Вы богаты – мы бедны: эти слова и понятия, связанные с ними, показались мне необыкновенно странны. Бедными по моим тогдашним понятиям могли быть только нищие и мужики, и это понятие бедности я никак не мог соединить в своем воображении с грациозной, хорошенькой Катей. Мне казалось, что Мими и Катенька, ежели всегда жили, то всегда и будут жить с нами и делить всё поровну. Иначе и быть не могло. Теперь же тысячи новых, неясных мыслей, касательно одинокого положения их, зароилось в моей голове, и мне стало так совестно, что мы богаты, а они бедны, что я покраснел и не мог решиться взглянуть на Катеньку.

«Что ж такое, что мы богаты, а они бедны? – думал я, – и каким образом из этого вытекает необходимость разлуки? Отчего ж нам не разделить поровну того, что имеем?» Но я понимал, что с Катенькой не годится говорить об этом, и какой-то практический инстинкт, в противность этим логическим размышлениям, уже говорил мне, что она права, и что неуместно бы было объяснять ей свою мысль.

– Неужели точно ты уедешь от нас? – сказал я: – как же это мы будем жить врозь?

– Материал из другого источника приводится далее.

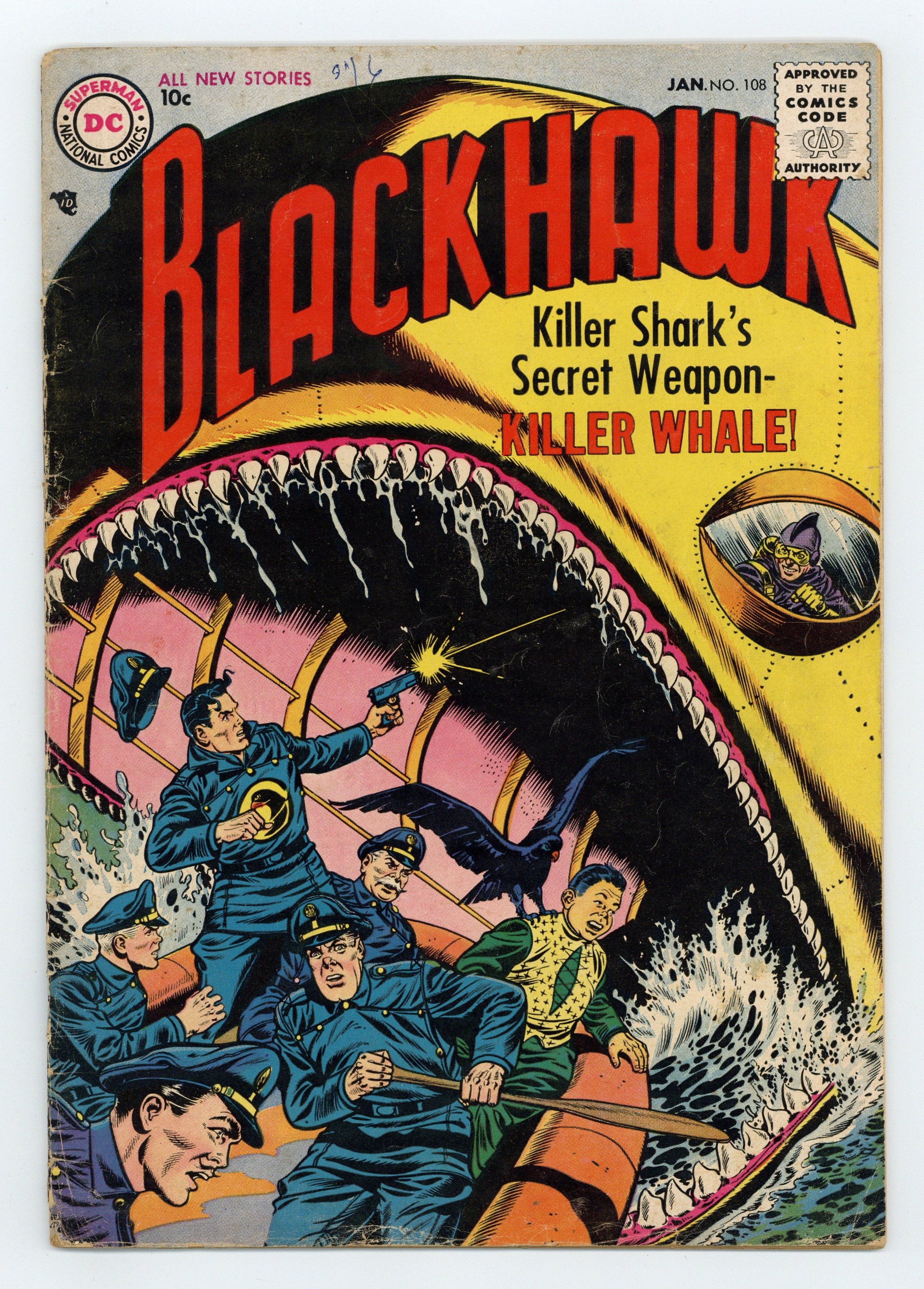 Ends Feb 23 7:41 PM CST Bid History 4 bids Current Bid $23 Your Secret Max Bid If you'd like to bid, please log in or register. First issue published by DC. Re-intro Blackie the Hawk, their mascot. Stories by Robert Bernstein and unknown. Art and Cover by Dick Dillin and Chuck Cuidera. "The Threat from the Abyss!" by Bernstein, Dillin and Cuidera - The Blackhawks become deep sea divers to stop the menace of Dr. Algov, who has been destroying ships with atomic missiles launched from his submarine. Plus: "Killer Shark's Secret Weapon" with art by Dillin and Cuidera - Killer Shark returns, piloting a giant mechanical whale that he uses to capture the Blackhawks. And: "The Mutiny of the Red Sailors" by Bernstein, Dillin and Cuidera -The Blackhawks try to help a group of Communist defectors in Hong Kong, but they turn out to be saboteurs. Also: Shorty 1-pager by Henry Boltinoff; 1-page text story "The Fastest Man on Earth"; and Varsity Vic 1-pager by Henry Boltinoff, reprinted from Date with Judy (1947-1960) #31. 32 pages, full color. Cover price $0.10.
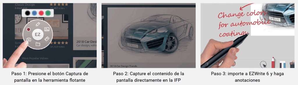 Con la herramienta flotante de EZWrite, los usuarios pueden capturar capturas de pantalla de cualquier cosa en la pantalla, independientemente de la fuente, incluido el contenido de aplicaciones, sitios web y videos. Luego, pueden importar este contenido a EZWrite 6 para un mayor análisis y anotaciones en una página nueva.
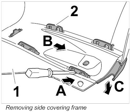 1. Carefully press in the lugs of the covering frame at the side -2- with a screwdriver -arrow A-. First remove the covering frame -2- downwards -direction of arrow B-. Afterwards pull rearward -direction of arrow C- out of the front end -1-.

– Что же делать, мне самой больно; только ежели это случится, я знаю, что я сделаю…

– В актрисы пойдешь.... вот глупости! – подхватил я, зная, что быть актрисой было всегда любимой мечтой ее.

– Нет, это я говорила, когда была маленькой…

– Так что же ты сделаешь?

– Пойду в монастырь и буду там жить, буду ходить в черненьком платьице, в бархатной шапочке.

Катенька заплакала.

Случалось ли вам, читатель, в известную пору жизни, вдруг замечать, что ваш взгляд на вещи совершенно изменяется, как будто все предметы, которые вы видели до тех пор, вдруг повернулись к вам другой, неизвестной еще стороной? Такого рода моральная перемена произошла во мне в первый раз, во время нашего путешествия, с которого я и считаю начало моего отрочества.

Мне в первый раз пришла в голову ясная мысль о том, что не мы одни, т. е. наше семейство, живем на свете, что не все интересы вертятся около нас, а что существует другая жизнь людей, ничего не имеющих общего с нами, не заботящихся о нас и даже не имеющих понятия о нашем существовании. Без сомнения, я и прежде знал всё это; но знал не так, как я это узнал теперь, не сознавал, не чувствовал.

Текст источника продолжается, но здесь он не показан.